Dataset extract:
################
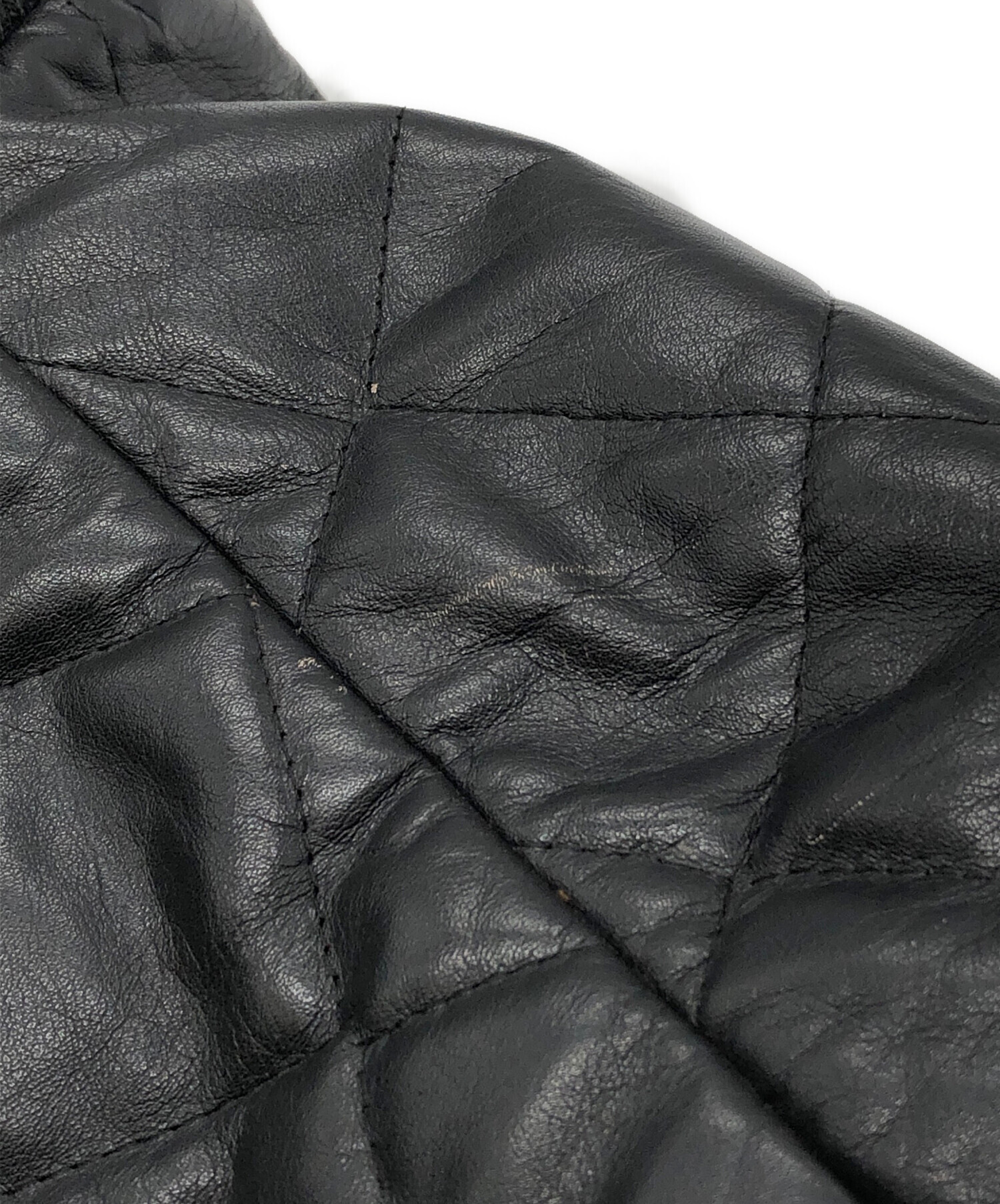 • Schott(ショット)Schott (ショット) レザーキルティングジャケット ブラック サイズ:42の古着・服飾アイテム 毛羽立ち有
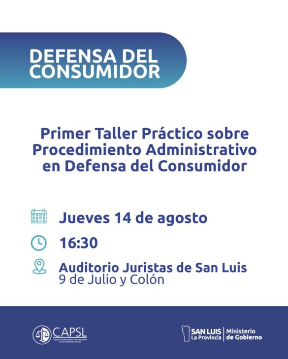 El próximo jueves 14 de agosto, a las 16:30, se llevará a cabo el Primer Taller Práctico sobre Procedimiento Administrativo...
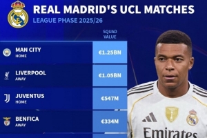 體育資訊8月29日訊 本賽季歐冠聯(lián)賽階段對陣抽簽結果出爐,德國轉會市場列出了皇馬對手的身價。
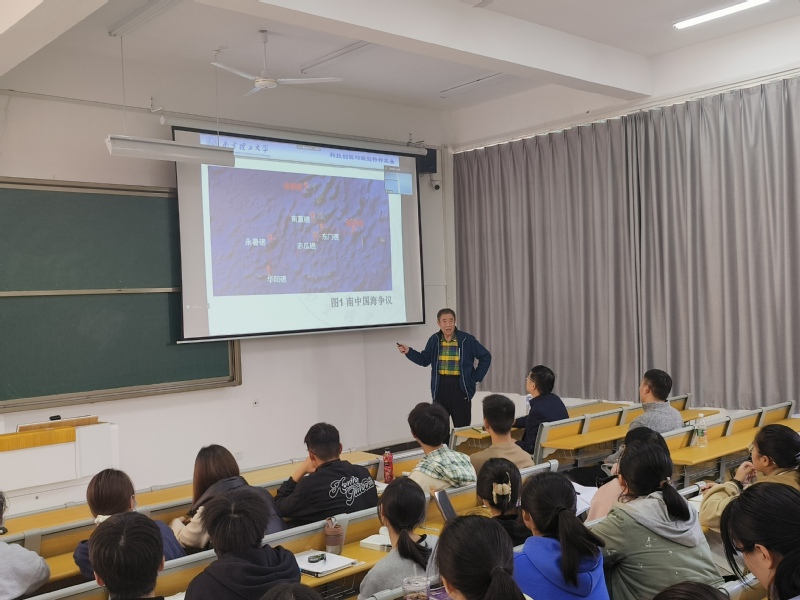 讲座伊始,为让大家更加深刻的理解国防的重要意义,王昌明教授讲述了当今世界武器装备和政治军事变化,分析了中国的地缘政治和近年来的中国与邻国的矛盾冲突,从而引出我国在新型特种装备研发上的重要性与必要性。王昌明教授以水下轻型武器为切入点,采取互动提问的方式与现场同学进行交流,增强了同学们对这次讲座的兴趣和期待,瞬间提升了讲座现场的氛围。
################
Work required:
Within the listing above, write out the stretch from the line with "El próximo jueves" through the line with "體育資訊8月29日訊 本賽季" exactly. Any pictures are to be left out.

Task response:
 El próximo jueves 14 de agosto, a las 16:30, se llevará a cabo el Primer Taller Práctico sobre Procedimiento Administrativo...
 體育資訊8月29日訊 本賽季歐冠聯(lián)賽階段對陣抽簽結果出爐,德國轉會市場列出了皇馬對手的身價。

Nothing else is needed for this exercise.